Pot is also fairly well established as helpful in cancer patients, for some neurological conditions, and for glaucoma. Its role in psychiatry is unclear, but many people use marijuana to reduce anxiety, depression, insomnia, and anorexia.

Full Legalization Makes the Most Sense

Eight states and the District of Columbia have legalized recreational marijuana use, making pot available to one fifth of the US population. This leaves 21 states where it is legal – but only medicinally – and 21 where pot use remains completely illegal.

The hypocrisy of medical pot is that it becomes such an easy and transparent vehicle for obtaining recreational pot.

Getting a card authorizing medical use can take less than five minutes of “medical examination”; can be done via smartphone; is remarkably cheap; and can be followed by an immediate delivery via Uber.

Medicinal pot is of course used by some people for medicinal purposes. But for many others it is the equivalent of medicinal alcohol use during Prohibition. Pot dispensaries become the equivalent of the Prohibition “speakeasies.”

Why is This Bad?

Legalizing pot for medicinal use beats not legalizing it at all. But it prolongs disrespect for the law; creates a shady cohort of prostituted doctors and dishonest pot clinics; and promotes a black market of pot for resale.

Far better to legalize all pot use, tax it, and ensure quality. States that persist in pot puritanism counterintuitively create much worse drug problems for themselves. Well-regulated sales of safe pot will not result in overdose deaths. Opioid prescriptions by doctors and synthetic pot sales by criminals are far more dangerous.

Our states and our federal government should stop fighting the wrong, and already lost, war on drugs. Drug laws should be based on rational policies, not outmoded and harmful ideology.

 

Images Courtesy of iStock

 

What Are Your Thoughts on this Topic?

  • Chris Aikman

    Thanks for saying this. Why has it taken so long for this to be laid out so clearly?

    • Anonymous

      Thank You, I don’t know whether you are speaking from personal experience or not but you’re dead on.

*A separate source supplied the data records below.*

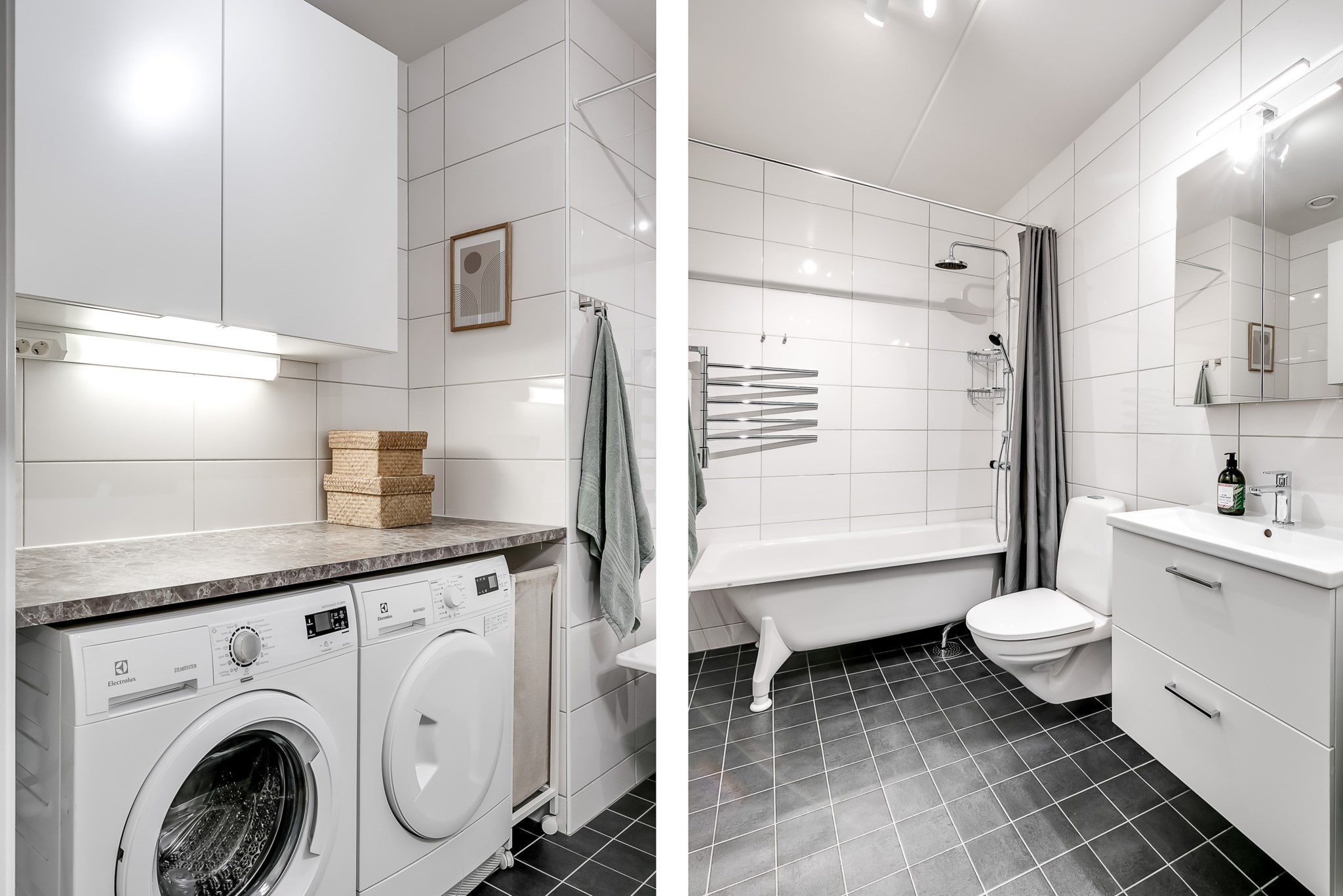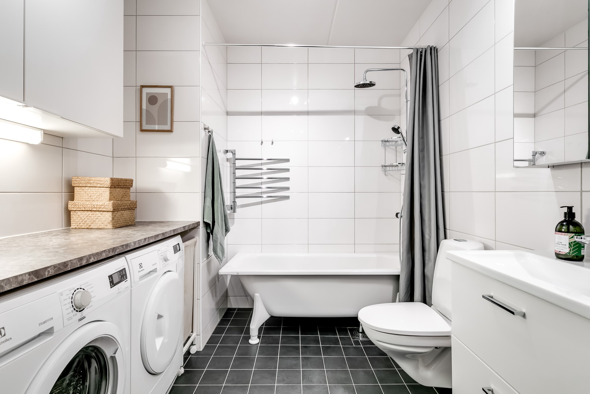 Helkaklat badrum med ljusa väggar och mörkt klinkergolv. Här erbjuds god förvaring genom kommod och spegelskåp samt en praktisk arbetsbänk i melerat utförande med tvättmaskin och torktumlare smart placerade undertill. Badrummet är vidare utrustat med wc, handfat, handdukstork samt ett badkar med dusch.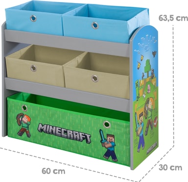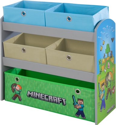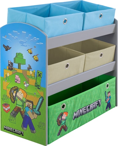 Phoenix Minecraft-spelhylla förvandlar ditt barns rum till ett pixlat äventyr med sin autentiska design, hållbara MDF-konstruktion och praktisk förvaring med fyra små och en stor tygbox för leksaker och böcker.Läs mer om produkten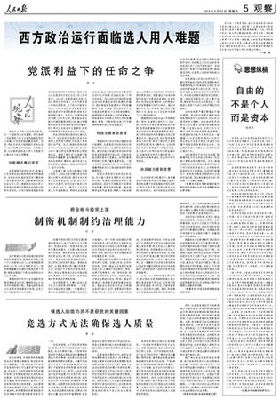 人民日报整版刊文:西方政治运行面临选人用人难题
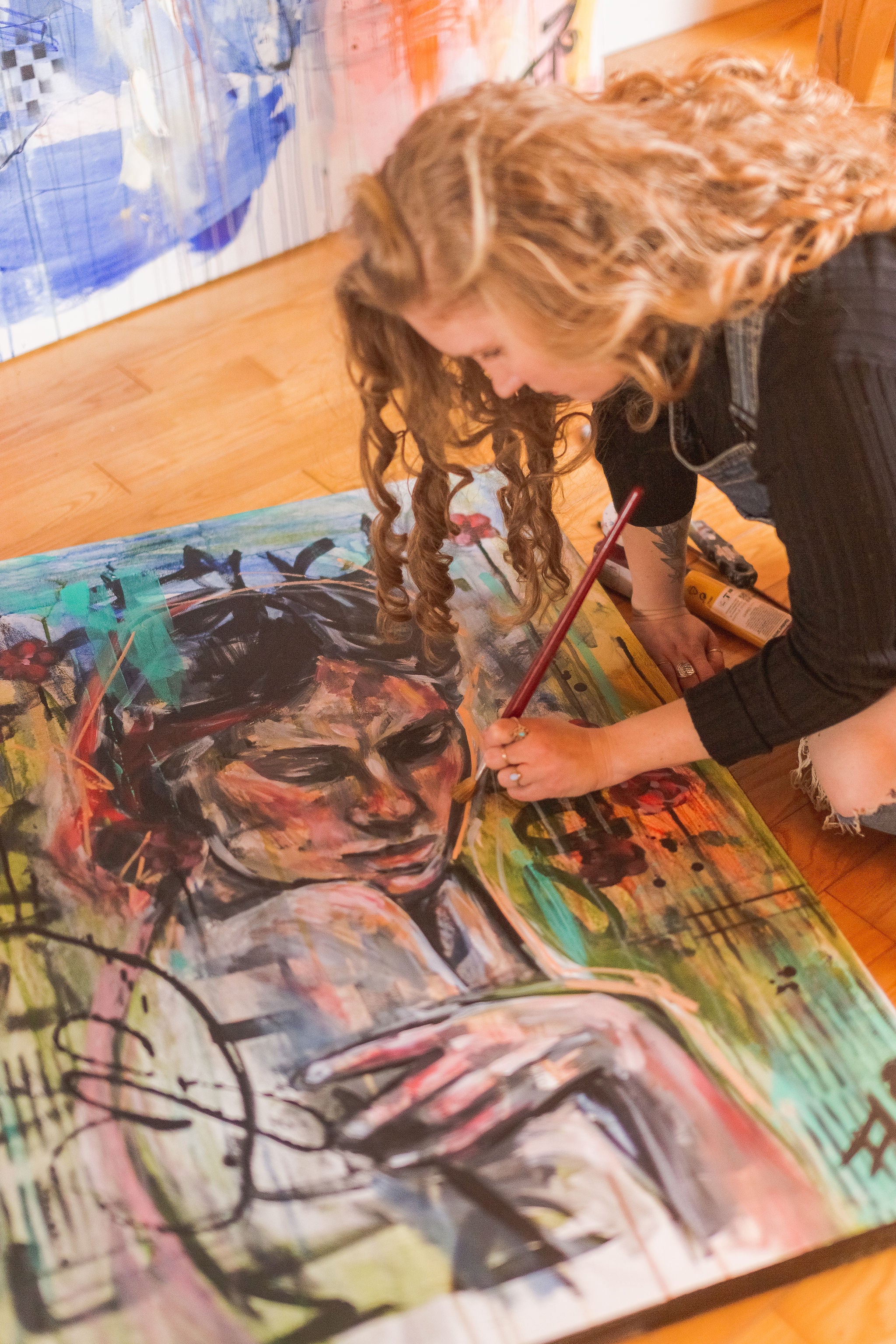 Mon style oscille entre l’abstraction et le figuratif, une zone floue et libératrice où l’instinct prend le dessus. Mon impulsivité s’invite sur la toile : j’arrive souvent en voulant tout contrôler… mais la toile me ramène à l’ordre. Elle me parle, je l’écoute, et un dialogue s’installe.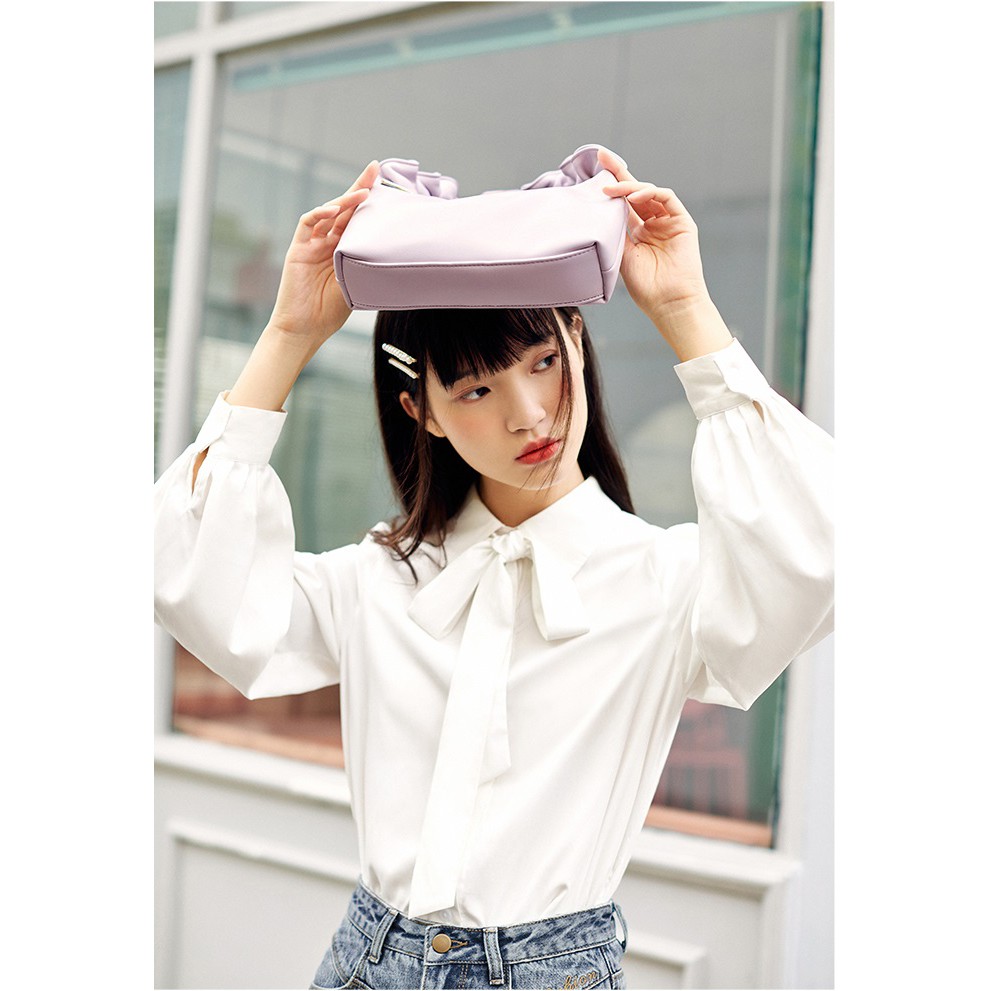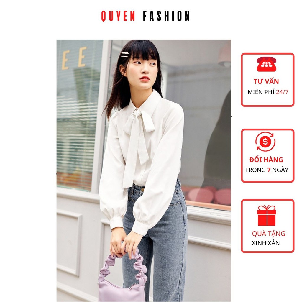 Áo Thời Trang Công Sở Nữ Cổ Đức Thắt Nơ, Sơ Mi Trắng Lụa cát Basic Quyên Fashion AA533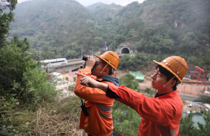福州工務段福州路橋車間職工利用望遠鏡觀察杭深線燕前二號隧道口山體情況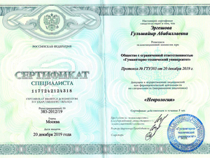 - 2021, Москва, ФГАОУ ВО Первый МГМУ им. И.М. Сеченова, специальность «Неврология».

      My Doctor started a study, it’s his dream to eliminate as many opiate dependant patients as possible and his approach is simple: Trade a 300mg per day, opiate addiction, Medicinal Marijuana. I, like every addict, was skeptical, but interested :) You could have knocked me over with a feather when it worked (not on the worst of my pain, but most of it). Just like with opiates, you need to learn a new way of living with a different kind of pain and pain reliever. Marijuana really does work!

      I did manage to quit, cold turkey, the 1st 2 times, without Medical Marijuana or Suboxone, but it was hell. Even worse than the back pain I have suffered (for 20 years) was the bilateral neuropathy I developed, but never really noticed until I got off pain killers. Suboxone has enough synthetic opiate to make my neuropathy bareable whereas Gabapentin does less than nothing and so, it appears I am stuck with it until something non-narcotic comes along.

      My Dr., unfortunately, is too old to continue and he can’t seem to put together an honest group of opiate users (now theres an oxymoron) to prove his theory. Too bad, it works for me… Thanks Doc!!

  • Ronald Akridge

    Medical Marijuana have clearly pros and cons, but definitely it’s benefits are truly overwhelming.